WORK ORDER: Your response should consist of the entire listing, transcribed exactly, with every image left out.

** Opening SUPPLIED MATERIAL block **

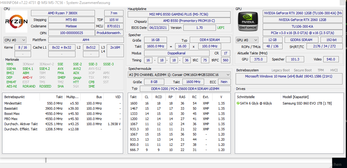 Habe mir gestern einen neuen PC zusammengebaut, verbaut ist ein Ryzen 7 3800x, ein MSI b550 Gaming Plus und 16gb DDR4 3200Mhz Arbeitsspeicher (dual Channel). In HWINFO wird mir jetzt angezeigt, dass mein RAM nur mit 1066.7 Mhz taktet, also denke ich insgesamt wohl mit 2133 Mhz (?). Meine Frage ist jetzt wie ich es schaffen könnte, dass der RAM auf 3200Mhz taktet.
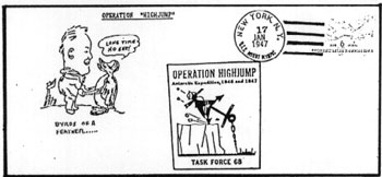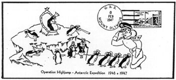 ENVELOPE TYPE 5 Perhaps the most amusing envelopes to originate from HIGHJUMP were the "Byrds of a Feather" cartoon covers. These were mimeographed on plain white #9 envelopes in the Mount Olympus print shop. However, distribution was halted and the remaining envelopes destroyed when Admiral Byrd got wind of them shortly thereafter. He did not find them the least bit amusing and, as a result, Type 5 envelopes are seldom encountered, especially in postally used condition.
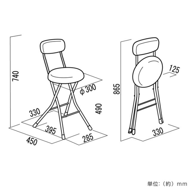 | サイズ | 約 幅33×奥行45×高さ74(cm) 座面高:約 49(cm) 折りたたみ時:約 幅33×奥行12.5×高さ86.5(cm) |
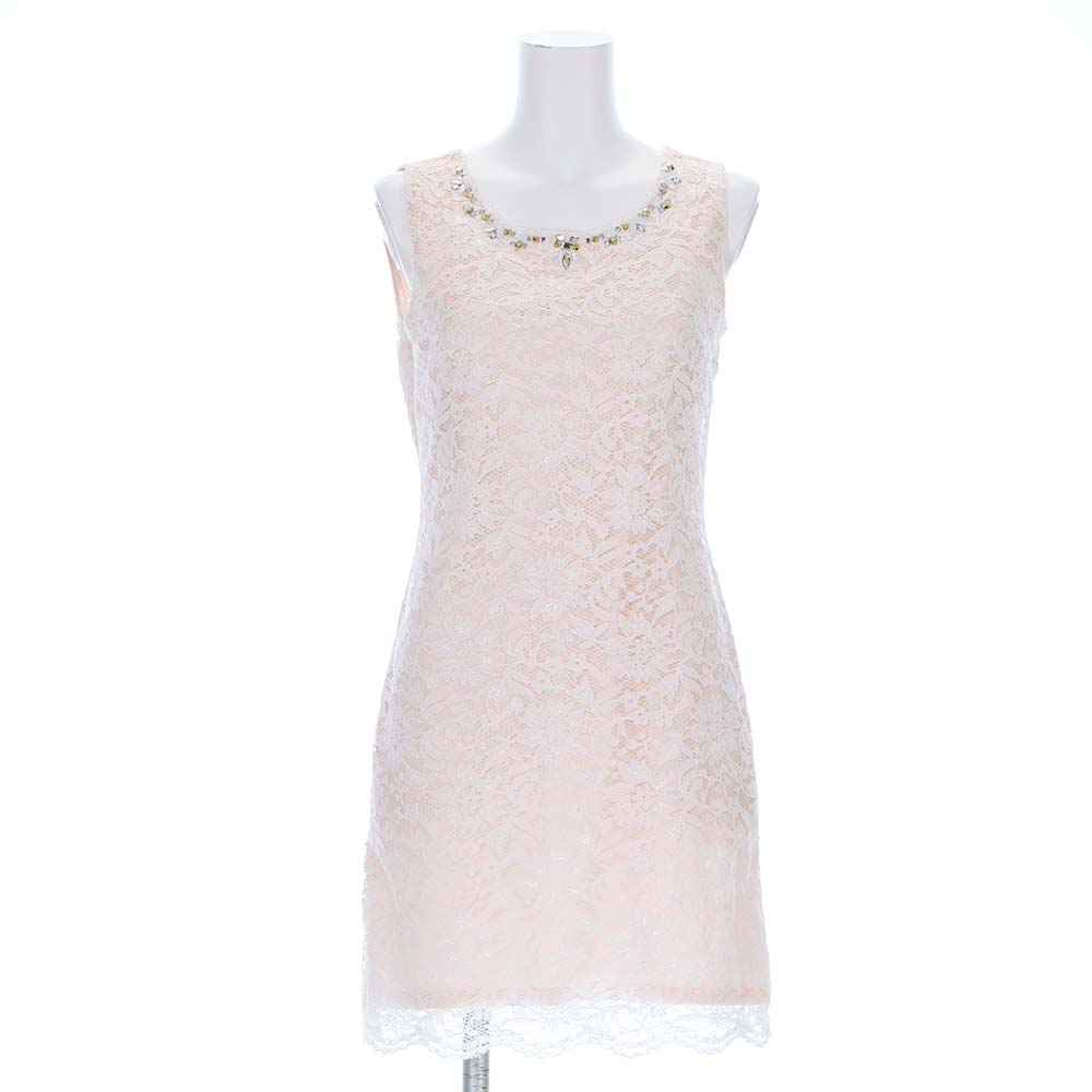 顔まわりのビジューが目を引く大人可愛いワンピース。

** Closing SUPPLIED MATERIAL block **

REPLY TO THE EXERCISE:
 Habe mir gestern einen neuen PC zusammengebaut, verbaut ist ein Ryzen 7 3800x, ein MSI b550 Gaming Plus und 16gb DDR4 3200Mhz Arbeitsspeicher (dual Channel). In HWINFO wird mir jetzt angezeigt, dass mein RAM nur mit 1066.7 Mhz taktet, also denke ich insgesamt wohl mit 2133 Mhz (?). Meine Frage ist jetzt wie ich es schaffen könnte, dass der RAM auf 3200Mhz taktet.
 ENVELOPE TYPE 5 Perhaps the most amusing envelopes to originate from HIGHJUMP were the "Byrds of a Feather" cartoon covers. These were mimeographed on plain white #9 envelopes in the Mount Olympus print shop. However, distribution was halted and the remaining envelopes destroyed when Admiral Byrd got wind of them shortly thereafter. He did not find them the least bit amusing and, as a result, Type 5 envelopes are seldom encountered, especially in postally used condition.
 | サイズ | 約 幅33×奥行45×高さ74(cm) 座面高:約 49(cm) 折りたたみ時:約 幅33×奥行12.5×高さ86.5(cm) |
 顔まわりのビジューが目を引く大人可愛いワンピース。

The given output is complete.